ACA500plus – available from: 10 Jan 2017 - doener
https://icomp.de/shop-icomp/en/produkt-details/product/ACA500plus.html#filter=*
======
Annatar
It is way too late: fresh Vampire 500's are selling like hotcakes on ebay (I'm
waiting for the frenzy to subside before getting mine), and the specs make the
ACA500+ look like a stone knife compared to a laser cutter.

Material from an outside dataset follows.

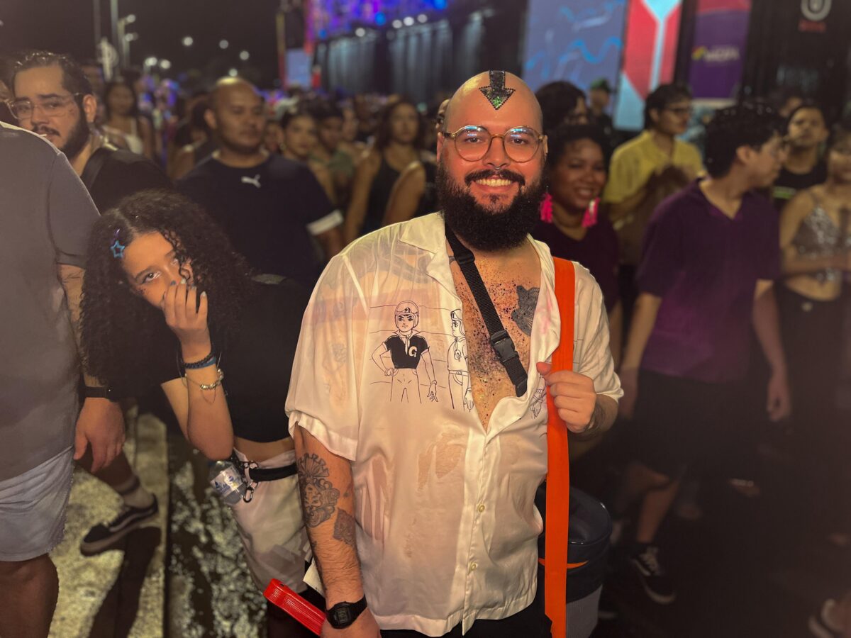 Entre os foliões estava a autônoma Tamara Souza, 29 anos, que veio de Belém especialmente para ver o artista, acompanhada do tio, o fisioterapeuta Cristian Castro, 50 anos. Fã declarada de Pedro Sampaio, Tamara não escondeu a emoção.
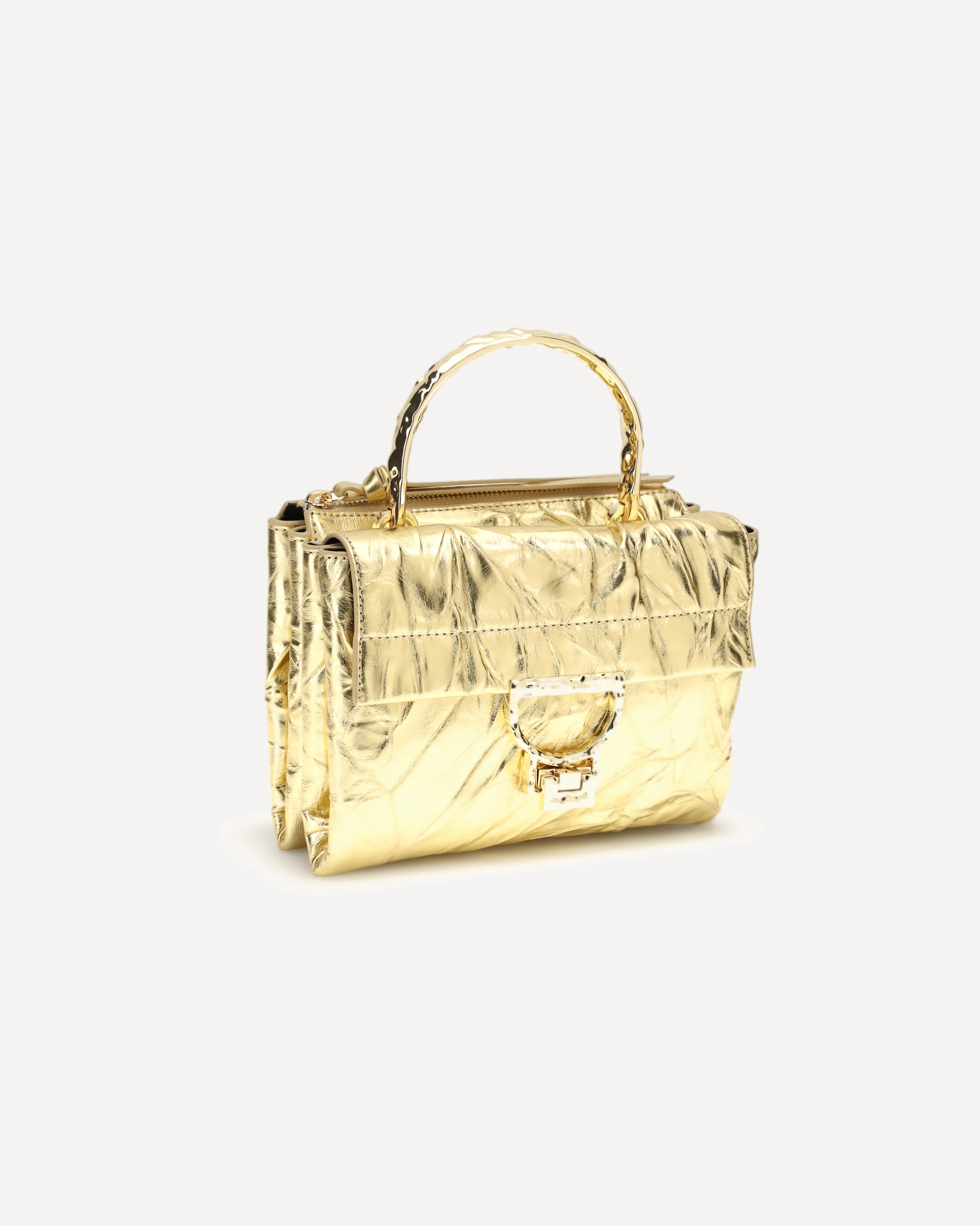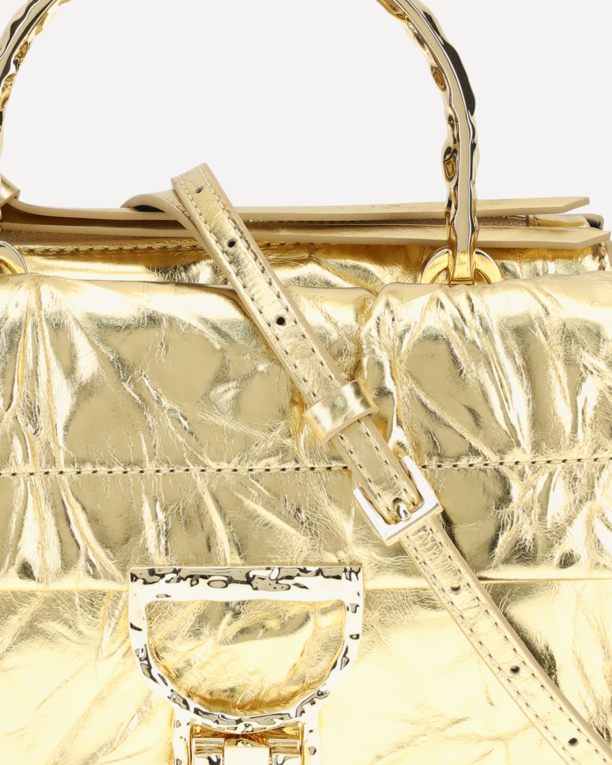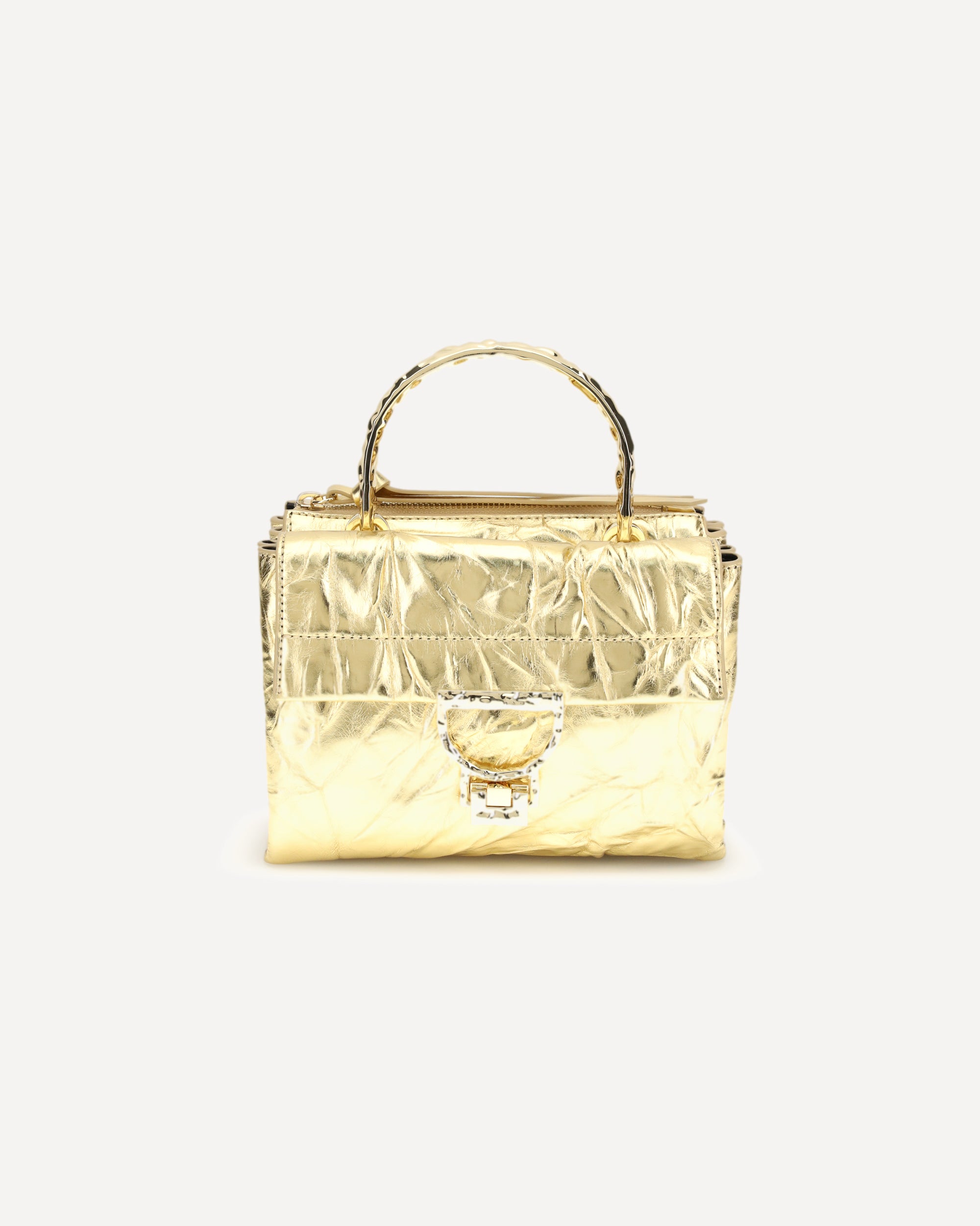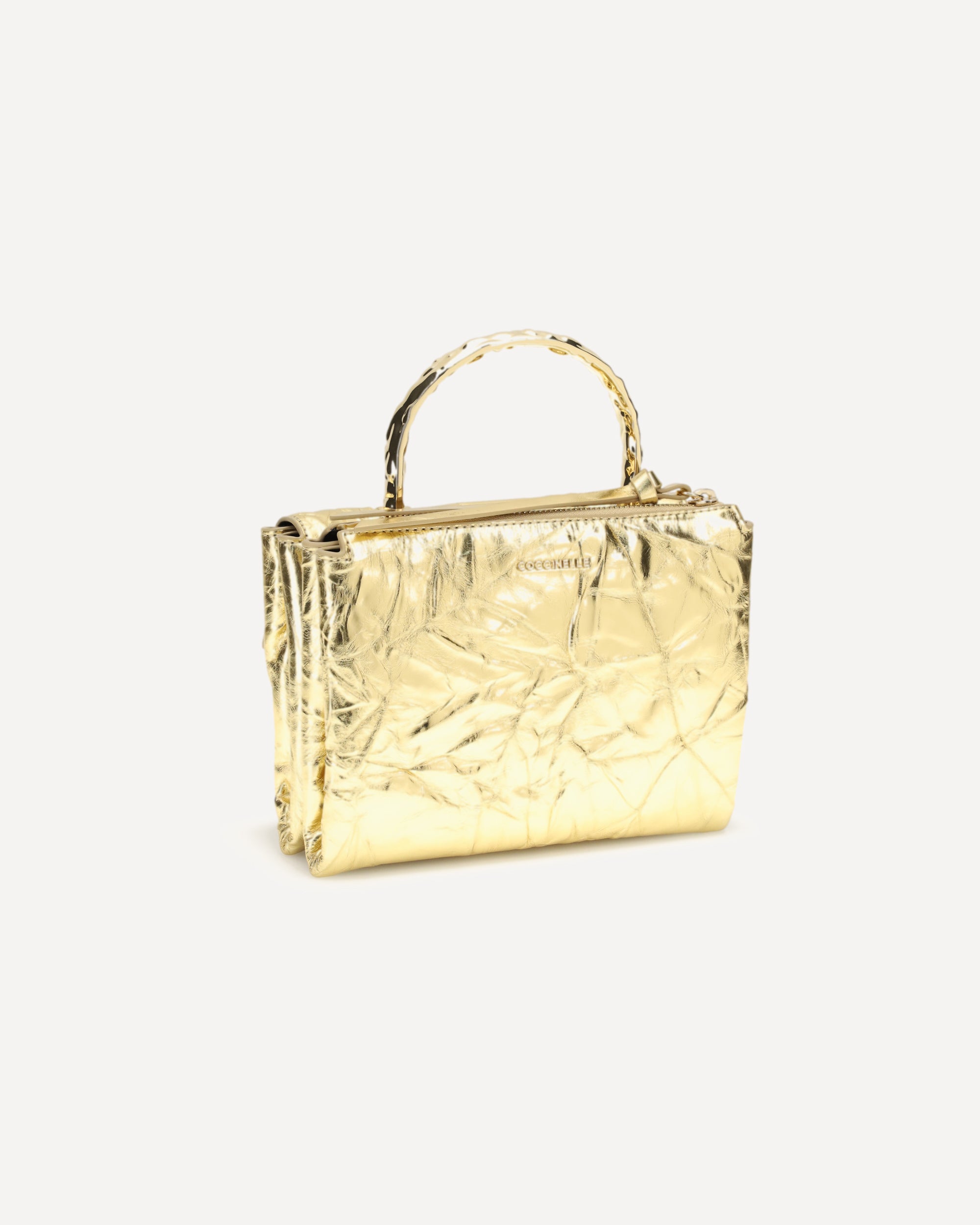 The Arlettis Droplet Handbag by Coccinelle, made of smooth laminated leather, offers hand and shoulder carryability thanks to its droplet-effect metal handle and adjustable, removable leather shoulder strap. The model features a flap closure, exterior zipper pocket and two interior compartments, combining elegance and functionality in a versatile and refined design.

Vampire 500 provides the equivalent of MC68070 (extra instructions), is
64-bit, runs at 234 MHz, has HDMI output, 128 MB of RAM, and AGA (and will
sport SAGA soon, via firmware update directly from AmigaDOS). Additionally, it
has an IDE controller and supports SDHC. Probably the most fascinating but
obscure feature is the core's capability of executing 64-bit instructions from
any processor simultaneously, intermixed into the instruction decoder stream:
PPC and intel are currently supported, in addition to new 64-bit MC68000 and
SIMD instructions.

[https://www.youtube.com/watch?v=tNjuulAWntc](https://www.youtube.com/watch?v=tNjuulAWntc)

[http://m.youtube.com/watch?v=9ncJs87hDkg](http://m.youtube.com/watch?v=9ncJs87hDkg)

[http://m.youtube.com/watch?v=tNjuulAWntc](http://m.youtube.com/watch?v=tNjuulAWntc)

[http://www.amigablogs.net/feed/2016/12/vampire-500-v2-part-2](http://www.amigablogs.net/feed/2016/12/vampire-500-v2-part-2)

ACA500+ had been unavailable for too long, and now the train has left the
station. Who is going to get a MC68010 at 14 MHz when they can have a SIMD,
64-bit MC68070 at 234 plus Super AGA on their A500?